Qui n'entend qu'une cloche n'entend qu'un son !
Chers collègues,
Alors que s’achèvent les fêtes de Pâques et pour faire plaisir à la direction du CASVP, qui apprécie les méthodes de communication académiques et hiérar chic’, nous avons décidé, dans ce billet d’humeur, de vous inviter à défricher avec nous le champ lexical de la cloche.
Rappelez vous… A la rentrée des classes 2017, la direction du CASVP a sonné le glas : elle a muté une de nos collègues assistante sociale, syndiquée et engagée, en invoquant des raisons de service. Les raisons de service, c’était du pipeau, mais nous explorons aujourd’hui le champ lexical de la cloche, le pipeau de la direction du CASVP, c’est donc hors sujet.
Non contente de son coup de glas mutationnel, notre direction a envoyé en sus son carilloneur de la DRH sonner les cloches des agents des Services Sociaux Parisiens.

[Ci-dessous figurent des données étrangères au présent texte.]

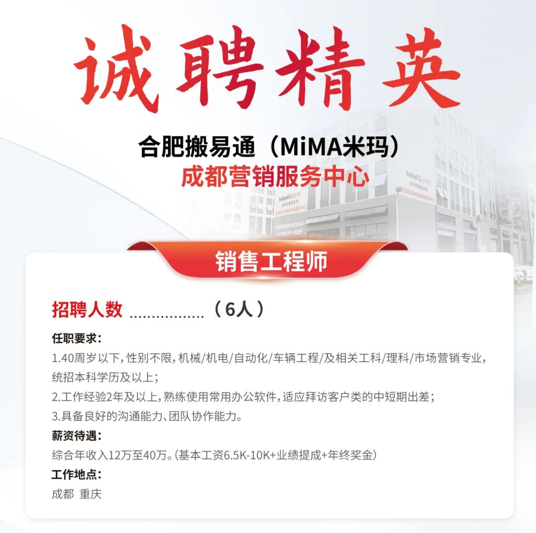 目前,合肥搬易通(MiMA米玛)成都营销服务中心正在火热招聘中!如果您渴望在物料搬运领域一展身手,与优秀团队共同成长,我们期待您的加入,一起共创辉煌!

J’ai assisté au sonnage de mâtines dans le Beffroi du SSP 15 :
Notre carilloneur, issu de la monocloche-school of CASVP, a une pratique toute Weberienne de l’instrument : il martele les mêmes notes de plus en plus vite et de plus en plus fort : « vous avez des droits mais surtout des devoirs », « vous êtes fonctionnaires avant d’être travailleurs sociaux », « on titularise les agents obéissants, pas les travailleurs sociaux compétents ». La presse spécialisée vibrait à l’unisson « Une interprétation habitée, par un artiste qui vit sa musique » CASVP Magazine « Une mélodie qui, à l’instar des derviches tourneurs, met en transe son interprète » newsletter du territoire 7 15 16. Pourtant ça m’a laissée de marbre, de l’acier dont on fait les cloches plutôt, puisque nous défrichons ensemble son champ lexical.

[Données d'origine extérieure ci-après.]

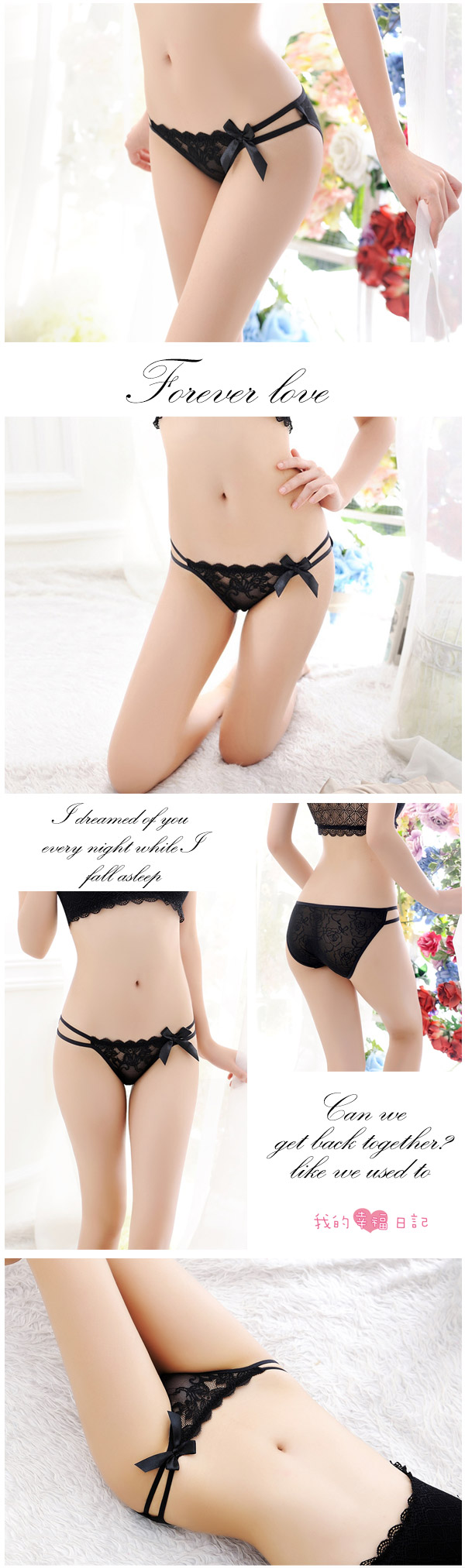 ►您現在的位置:首頁>可口甜心.蕾絲蝴蝶結低腰內褲(黑/膚)

Le vendredi 30 mars, à l’occasion d’une soirée syndicale que nous avions intitulée « qui n’entend qu’une cloche n’entend qu’un son » nous avons reçu un autre joueur de cloches, en la personne de Christophe Daadouch, juriste et formateur en école de travail social, diplômé de la « poliphonic school of cloches » de Paris 8 la Sorbonne.
C’était plus expérimental comme musique : sur le thème, majeur, des droits et des devoirs des travailleurs sociaux et des fonctionnaires, il y avait une ligne mélodique, mais aussi des remarques des questions, du débat, fallait s’accorder en cours d’interprétation. Tout ça formait un ensemble relativement harmonieux quand même mais sûrement plus complexe à interpréter.
A la question: A qui dois tu obéir en tant que travailleur social et fonctionnaire ?
Voilà les tintements de réponses qui me sont parvenus aux oreilles : tu dois obéir à la loi, à ton chef, à ton éthique, à ta déontologie, à ton intime conviction, à ton bon sens, à ton secret pro, à ton devoir de réserve et tout ça dans l’intérêt des gens que tu accompagnes... tout en sachant bien sûr qu’il existe des ordres qui sont légaux mais qui ne sont pas moraux et le contraire, et que tu as le devoir légal de dénoncer les ordres manifestement illégaux.
Comment faire sonner tout ça ensemble ? Comment accorder ces carillons d’injonctions? Faut quelques années de conservatoire c’est sûr, ainsi que des connaissances, du débat, de la réflexion, du conseil technique, des convictions, de l’empathie et de l’engagement.
J’ai glané quelques conseils pour l’interprétation de ma partition de travailleur social :
- Se raconter une fois par semaine à la pause clope ou café l’histoire de la grenouille *
- Connaître la loi : la lire, tout simplement, avant d’appliquer (ou de questionner) les décrets, circulaires, notes de service et autres procédures qui s’en réclament.
- Etablir une hiérarchie des normes c’est à dire de mes obligations. (« une loi spéciale est supérieure à une loi générale », ex : le secret pro prévaut sur l’article 40 qui stipule qu’ « un fonctionnaire signale tout crime ou délit dont il aurait connaissance »)
- Dès qu’une consigne m’interroge, demander qu’on me la donne par écrit.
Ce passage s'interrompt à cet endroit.